Over the longer term, however, I am considerably more cautious about the economic outlook.  Keeping the economy on a sustainable path may become more challenging.  While the recently passed Tax Cuts and Jobs Act of 2017 likely will provide additional support to growth over the near term, it will come at a cost.  After all, there is no such thing as a free lunch.  The legislation will increase the nation's longer-term fiscal burden, which is already facing other pressures, such as higher debt service costs and entitlement spending as the baby-boom generation retires.  While this does not seem to be a great concern to market participants today, the current fiscal path is unsustainable.  In the long run, ignoring the budget math risks driving up longer-term interest rates, crowding out private sector investment and diminishing the country's creditworthiness.  These dynamics could counteract any favorable direct effects the tax package might have on capital spending and potential output.

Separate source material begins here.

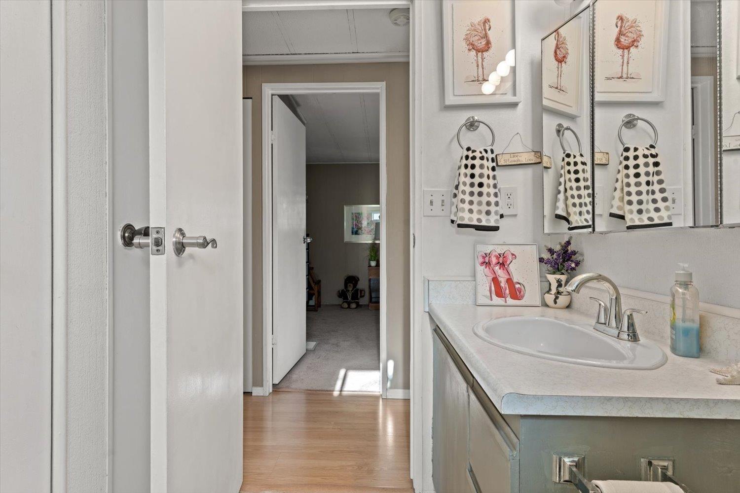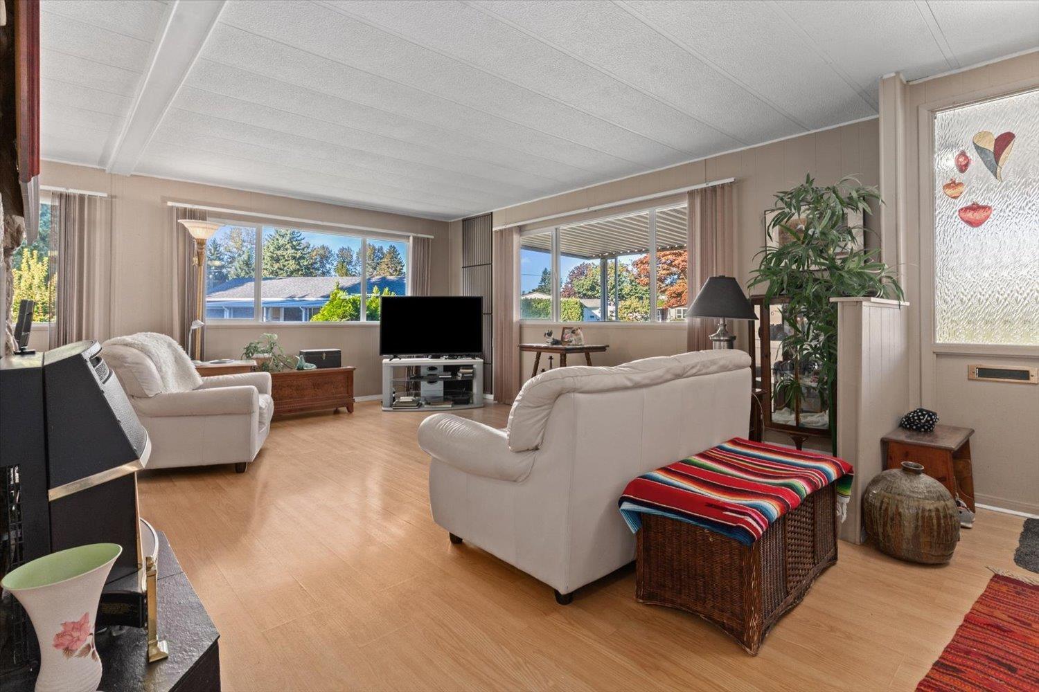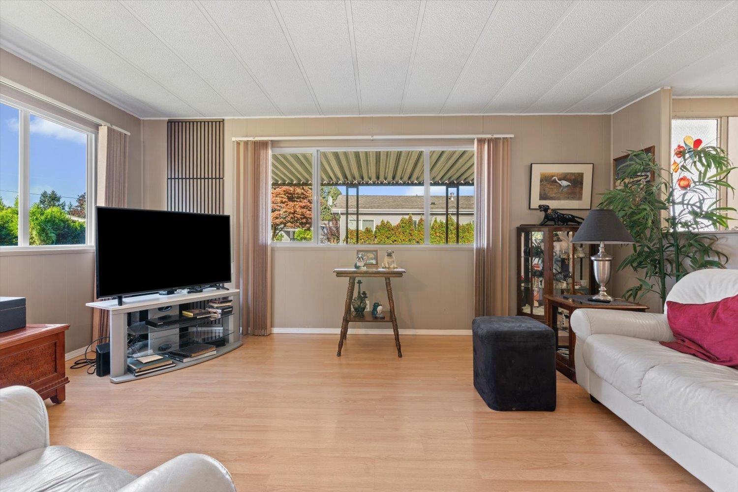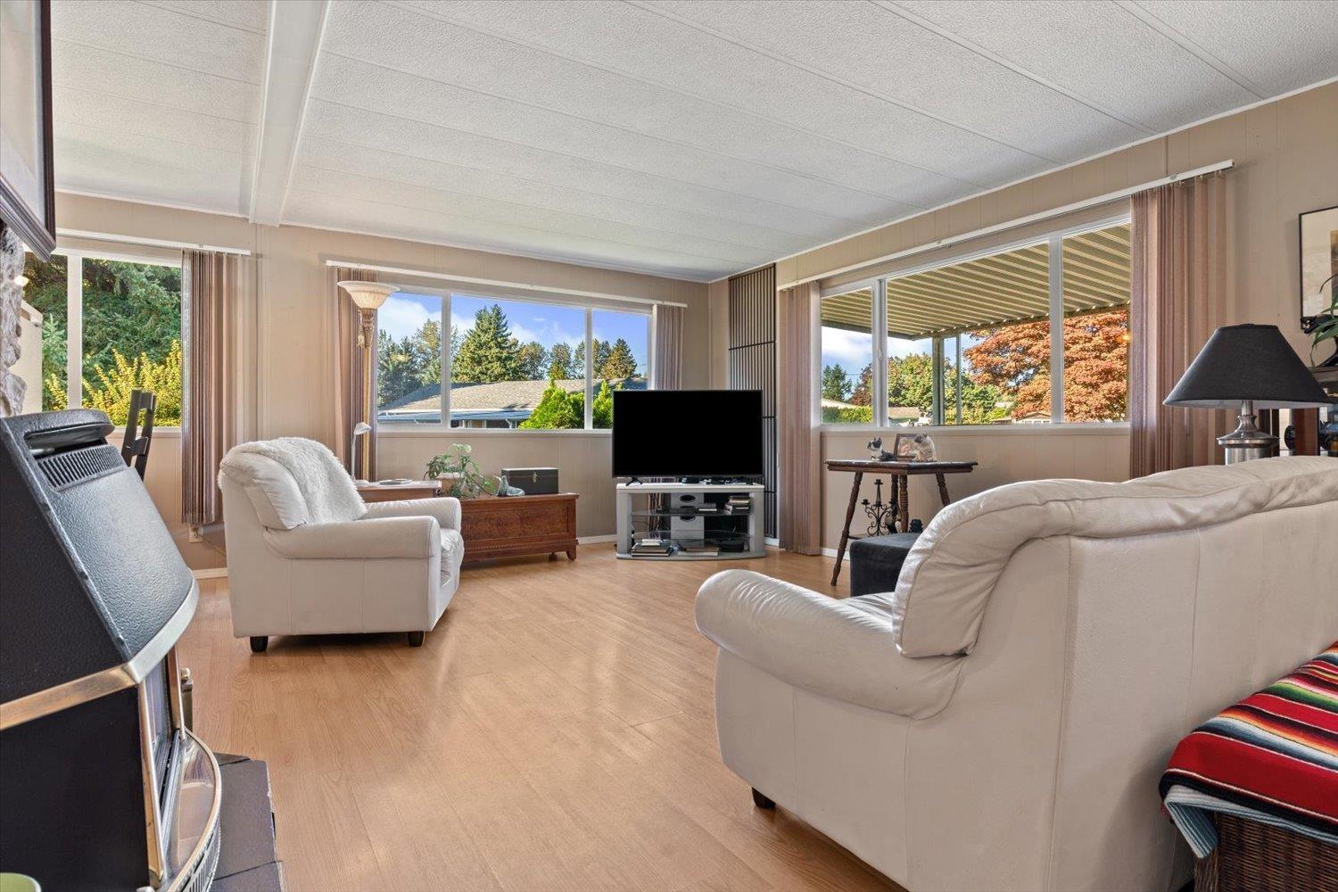 Welcome to Paradise Park! One of Abbotsford's most friendly and secure 55+ communities. This well-cared-for double-wide home offers 2 bedrooms, 2 bathrooms, and a bright, inviting layout filled with natural light and warmth. Enjoy peace of mind with numerous exterior updates and the charm of a cozy, functional floor plan. The enclosed patio opens to a spacious backyard with two storage sheds and room for your garden or outdoor retreat. Manicured grounds, wonderful neighbors, and the bonus of one small pet allowed make this community truly special. Attractively priced for a senior budget, this home is a must-see! (id:63510)

Favorable near-term outlook

Turning to the near-term outlook, the prospects appear favorable for another year of above-trend growth.  Consumer spending should continue to grow at a moderate pace, supported by solid fundamentals.  Household income is being bolstered by faster compensation growth and continued healthy employment gains.  Moreover, the aggregate household balance sheet remains in good shape, due in part to rising home prices, a strong stock market, and only moderate growth in household debt.  Over the past year, home prices have risen by about 7 percent on a national basis, and the S&P 500 equity index has risen by nearly 20 percent.  In contrast, household debt has risen about 4 percent over the past year, only slightly higher than the growth in personal income.  Further, the household debt service burden is low, reflecting the extended period of low interest rates.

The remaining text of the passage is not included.